- _WHAT IS EXPECTED_:
Among the entries below, please repeat exactly and only the lines from the line containing "Adoptez le style" to the line containing "Top Quality Version:MYLLVV", both lines included.

- _DATASET CONTENT_:
=====

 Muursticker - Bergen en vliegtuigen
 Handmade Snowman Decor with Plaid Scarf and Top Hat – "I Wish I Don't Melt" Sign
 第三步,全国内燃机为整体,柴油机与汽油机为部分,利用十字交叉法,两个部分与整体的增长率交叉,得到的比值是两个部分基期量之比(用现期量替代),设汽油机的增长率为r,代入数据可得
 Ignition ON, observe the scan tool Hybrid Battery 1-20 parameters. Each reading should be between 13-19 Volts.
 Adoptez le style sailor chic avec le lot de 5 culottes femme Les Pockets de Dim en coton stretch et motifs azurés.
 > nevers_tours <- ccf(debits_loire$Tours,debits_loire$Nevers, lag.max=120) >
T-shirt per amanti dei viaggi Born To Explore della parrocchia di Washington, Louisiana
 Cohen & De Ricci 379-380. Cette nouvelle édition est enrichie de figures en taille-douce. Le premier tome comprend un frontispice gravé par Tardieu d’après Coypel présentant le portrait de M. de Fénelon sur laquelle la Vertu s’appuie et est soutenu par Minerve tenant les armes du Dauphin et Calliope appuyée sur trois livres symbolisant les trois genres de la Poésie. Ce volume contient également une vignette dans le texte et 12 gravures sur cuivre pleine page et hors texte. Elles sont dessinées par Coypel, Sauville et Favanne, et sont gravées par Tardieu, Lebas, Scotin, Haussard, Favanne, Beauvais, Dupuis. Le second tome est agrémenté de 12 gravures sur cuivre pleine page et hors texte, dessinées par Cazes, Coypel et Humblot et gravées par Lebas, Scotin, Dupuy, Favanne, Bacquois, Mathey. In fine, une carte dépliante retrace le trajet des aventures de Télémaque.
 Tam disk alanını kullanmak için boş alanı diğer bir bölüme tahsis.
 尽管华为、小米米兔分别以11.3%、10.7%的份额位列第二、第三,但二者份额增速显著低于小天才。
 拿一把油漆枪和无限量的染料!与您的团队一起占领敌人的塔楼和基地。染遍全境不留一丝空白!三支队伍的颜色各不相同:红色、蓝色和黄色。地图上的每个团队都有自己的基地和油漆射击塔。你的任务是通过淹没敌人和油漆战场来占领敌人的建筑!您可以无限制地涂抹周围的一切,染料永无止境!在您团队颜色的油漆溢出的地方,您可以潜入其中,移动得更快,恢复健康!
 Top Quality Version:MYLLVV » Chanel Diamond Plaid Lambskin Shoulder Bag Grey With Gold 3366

=====

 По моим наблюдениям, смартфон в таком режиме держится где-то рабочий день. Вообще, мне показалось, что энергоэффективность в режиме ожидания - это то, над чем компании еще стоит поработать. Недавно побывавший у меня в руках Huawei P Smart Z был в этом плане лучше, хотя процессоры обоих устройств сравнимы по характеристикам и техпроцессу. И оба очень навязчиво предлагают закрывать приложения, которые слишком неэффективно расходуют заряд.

=====

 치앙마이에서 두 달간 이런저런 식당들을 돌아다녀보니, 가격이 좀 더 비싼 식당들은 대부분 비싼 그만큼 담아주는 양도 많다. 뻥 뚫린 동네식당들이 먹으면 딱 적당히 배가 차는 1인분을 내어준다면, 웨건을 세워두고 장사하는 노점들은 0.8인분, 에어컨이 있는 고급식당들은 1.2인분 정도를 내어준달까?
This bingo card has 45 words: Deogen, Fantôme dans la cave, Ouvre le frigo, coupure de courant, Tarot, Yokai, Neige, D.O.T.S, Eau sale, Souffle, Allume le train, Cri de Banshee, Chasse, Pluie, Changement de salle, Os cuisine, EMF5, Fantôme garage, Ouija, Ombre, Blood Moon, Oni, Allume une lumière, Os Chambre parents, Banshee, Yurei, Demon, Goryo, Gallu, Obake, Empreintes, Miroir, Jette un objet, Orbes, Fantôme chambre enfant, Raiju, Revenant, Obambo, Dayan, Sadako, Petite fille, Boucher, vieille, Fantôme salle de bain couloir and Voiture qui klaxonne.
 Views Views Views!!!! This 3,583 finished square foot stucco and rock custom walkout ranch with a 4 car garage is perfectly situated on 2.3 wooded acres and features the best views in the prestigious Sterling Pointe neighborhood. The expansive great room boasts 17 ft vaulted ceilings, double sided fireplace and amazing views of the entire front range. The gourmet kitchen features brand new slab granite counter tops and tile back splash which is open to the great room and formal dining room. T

=====

- _COMPLETED EXERCISE_:
 Adoptez le style sailor chic avec le lot de 5 culottes femme Les Pockets de Dim en coton stretch et motifs azurés.
 > nevers_tours <- ccf(debits_loire$Tours,debits_loire$Nevers, lag.max=120) >
T-shirt per amanti dei viaggi Born To Explore della parrocchia di Washington, Louisiana
 Cohen & De Ricci 379-380. Cette nouvelle édition est enrichie de figures en taille-douce. Le premier tome comprend un frontispice gravé par Tardieu d’après Coypel présentant le portrait de M. de Fénelon sur laquelle la Vertu s’appuie et est soutenu par Minerve tenant les armes du Dauphin et Calliope appuyée sur trois livres symbolisant les trois genres de la Poésie. Ce volume contient également une vignette dans le texte et 12 gravures sur cuivre pleine page et hors texte. Elles sont dessinées par Coypel, Sauville et Favanne, et sont gravées par Tardieu, Lebas, Scotin, Haussard, Favanne, Beauvais, Dupuis. Le second tome est agrémenté de 12 gravures sur cuivre pleine page et hors texte, dessinées par Cazes, Coypel et Humblot et gravées par Lebas, Scotin, Dupuy, Favanne, Bacquois, Mathey. In fine, une carte dépliante retrace le trajet des aventures de Télémaque.
 Tam disk alanını kullanmak için boş alanı diğer bir bölüme tahsis.
 尽管华为、小米米兔分别以11.3%、10.7%的份额位列第二、第三,但二者份额增速显著低于小天才。
 拿一把油漆枪和无限量的染料!与您的团队一起占领敌人的塔楼和基地。染遍全境不留一丝空白!三支队伍的颜色各不相同:红色、蓝色和黄色。地图上的每个团队都有自己的基地和油漆射击塔。你的任务是通过淹没敌人和油漆战场来占领敌人的建筑!您可以无限制地涂抹周围的一切,染料永无止境!在您团队颜色的油漆溢出的地方,您可以潜入其中,移动得更快,恢复健康!
 Top Quality Version:MYLLVV » Chanel Diamond Plaid Lambskin Shoulder Bag Grey With Gold 3366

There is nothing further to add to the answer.